The more successful and powerful chambers will always be able to attract recruits from less successful sets. Commercial pressures might therefore lead those chambers to reduce the number of pupillages they offer, and to seek to maintain the inflow of members by recruiting established barristers. 

At present, as I understand it, there is no obligation on chambers to offer pupillages. Accordingly there is no barrier to a chambers adopting the business model I have described. One can even imagine a successful chambers choosing to recruit only established practitioners and not to offer any pupillages at all. It might make commercial sense for that set, but other chambers, feeling exploited, may then decide to reduce or avoid their own spending on pupillages. The end result would be a significant reduction in the number of pupillages on offer. And it seems that if the overall number of pupillages diminishes, so does the diversity of new entrants to the profession.

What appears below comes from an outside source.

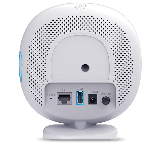 The hub also has a microSD card slot and USB port for connecting external hard drives and storing videos locally.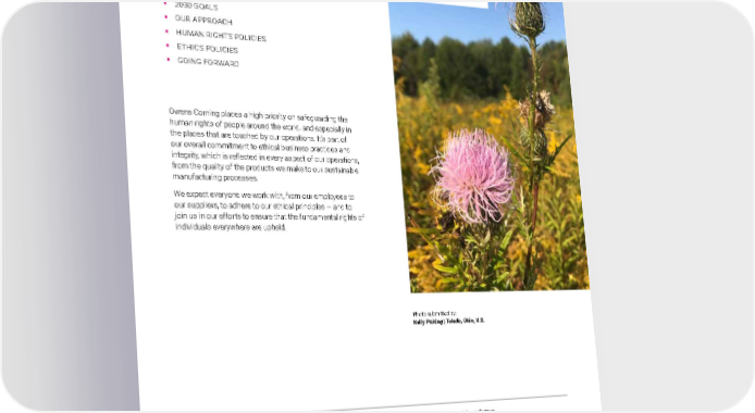 2021 Owens Corning Sustainability Report | Expanding Our Social Handprint | Human Rights & Ethics | 273 Our human rights & ethics efforts align with the following UN SDGs: Sustainability Materiality Definition: Owens Corning has the privilege of working with people all over the world. We believe that this privilege comes with the responsibility to treat all people with dignity and respect and to protect their fundamental rights. We are committed to setting and upholding the highest standards for safeguarding human rights in everything we do. The social data in this chapter marked with a + sign were independently assured to a moderate level by SCS Global Services. For more information on the assurance process see About the Report, and for our verification statement please see Appendix F . HUMAN RIGHTS & ETHICS In this chapter: ƒ 2030 GOALS ƒ OUR APPROACH ƒ HUMAN RIGHTS POLICIES ƒ ETHICS POLICIES ƒ GOING FORWARD Owens Corning places a high priority on safeguarding the human rights of people around the world, and especially in the places that are touched by our operations. It’s part of our overall commitment to ethical business practices and integrity, which is reflected in every aspect of our operations, from the quality of the products we make to our sustainable manufacturing processes. We expect everyone we work with, from our employees to our suppliers, to adhere to our ethical principles — and to join us in our efforts to ensure that the fundamental rights of individuals everywhere are upheld. Photo submitted by: Kelly Picking | Toledo, Ohio, U.S.

The system of pupillage is reliant for its successful operation not only on individual chambers and barristers giving generously of their time and money, but also on all chambers agreeing to adopt the same practice of recruitment. If only some chambers offer pupillages, then the pupillage system will fade away.

As the number of pupillages falls, those seeking to become barristers will find other ways of entering the profession, perhaps becoming solicitors first and then making a sideways move to the Bar. That route to becoming a barrister has become increasingly common in recent years. 

It is a great privilege to help someone begin their career. For the pupil, the experience is of an immersion into life at the Bar. You learn more about legal practice in your first week of pupillage than a year reading a book. The system of pupillage has been of considerable value to the Bar. It would be a shame if it were allowed to become a thing of the past.